Monday, September 27, 2010

Why I Don't Get Anything Done: A Demonstration.

How I plan to spend my day:

40% - Grading papers
30% - Work on research
20% - Work on job applications
10% - Prep for tomorrow's class

How I actually spend my day:

30% - Office hours
20% - Division Meeting with Dean
10% - Department Meeting
10% - Committee Meeting
10% - Answering e-mails
10% - Forced collegial interaction with other professors I don't actually like
10% - grading papers, working on research, working on job apps, and prepping for tomorrow's classes.

I wish I were kidding. Talk about being nickel-and-dimed to death.

Am I the only person who fricking hates meetings? At least 90% of the meetings I go to are seriously meetings for the point of having meetings (or discussing what was talked about at the last meeting). It's always the same. At first, I try to pay attention in case there's something useful to glean out of what's being discussed. Slowly but inevitably, the words start to fade and blur until all I hear is "blah blah blah, shit I don't care about, blah." I could summarize every single meeting I've been to in about 30 seconds. Do administrators actually LIKE meetings, or they hate them as much as I do? If they do, who on Earth likes them so much that they're constantly scheduling new ones for us to go to?

Aaaaaaarrgghhh! I wanted to punch the Dean this afternoon because she just. would. not. stop. talking. about. NOTHING.

Ok. I feel a little better now. Not much, mind you, especially since I didn't get anything done that I wanted to do today. But I daren't talk about it any more, otherwise I'll have to add another % to my table labelled, "complaining on CM." So peace out.
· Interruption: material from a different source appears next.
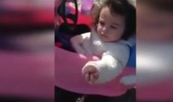 ويظهر في الفيديو طفلة لم تتجاوز العامين تقود سيارتها الصغيرة في الشارع، حاملة في إحدى يديها كوباً من الحليب، بينما تضغط على بوق السيارة، فيضبطها والدها القادم من العمل مطالباً إياها بالتوقف.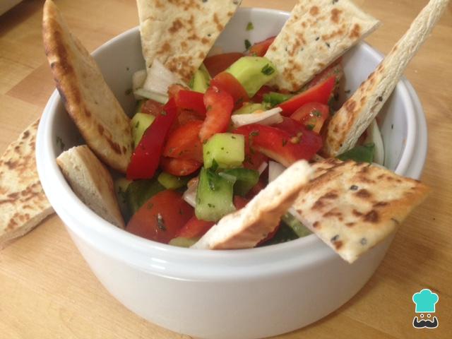 Desde RecetasGratis.net os presentamos la ensalada libanesa fattoush elaborada con verduras frescas, menta y pan de pita. El fattoush quiere decir "pan húmedo" en árabe y es una ensalada ligera típica del Líbano. ¡Animaos a probar este plato exótico y saludable!

  1. I have a confession: My name is EnglishDoc, and I actually like some meetings. A lot of them are pointless wanking, but the good ones are events at which I actually learn something. I have found that many people will not take advantage of technology to interact but will contribute in face-to-face meetings. When I chair a committee, I try to do as much as I can online and keep meetings to a minimum. But there are some things that face-to-face interaction does better.

  2. Fair enough, EnglishDoc, but probably one in subjectively 6000 meetings feels like that to me. I guess I feel like I spend a lot of time not doing what I really need to do, because I'm doing stuff other people tell me I need to do if I want to get tenure, like show my face at meetings in which I have nothing important to contribute and take nothing important away. Rant continues. ; )

  3. While I've never formulated an actual breakdown, that feels like how my days are.

    And I agree completely with meetings. Very few are actually worth my time. Luckily, all of my meetings are online, so I can do other things while people talk.

  4. Middle managers, including most administrators, consider meetings, and writing memos and reports, to be 'real' work, as opposed to teaching and research.

  5. Like, gag me with a spoon, Paddington. Ugh.

  6. Meetings are God's punishment to us for everything we have ever done wrong in our lives.

  7. Dave Barry has said it best....

    “If you had to identify, in one word, the reason why the human race has not achieved, and never will achieve, its full potential, that word would be "meetings”

    “Meetings are an addictive, highly self-indulgent activity that corporations and other large organizations habitually engage in only because they cannot masturbate”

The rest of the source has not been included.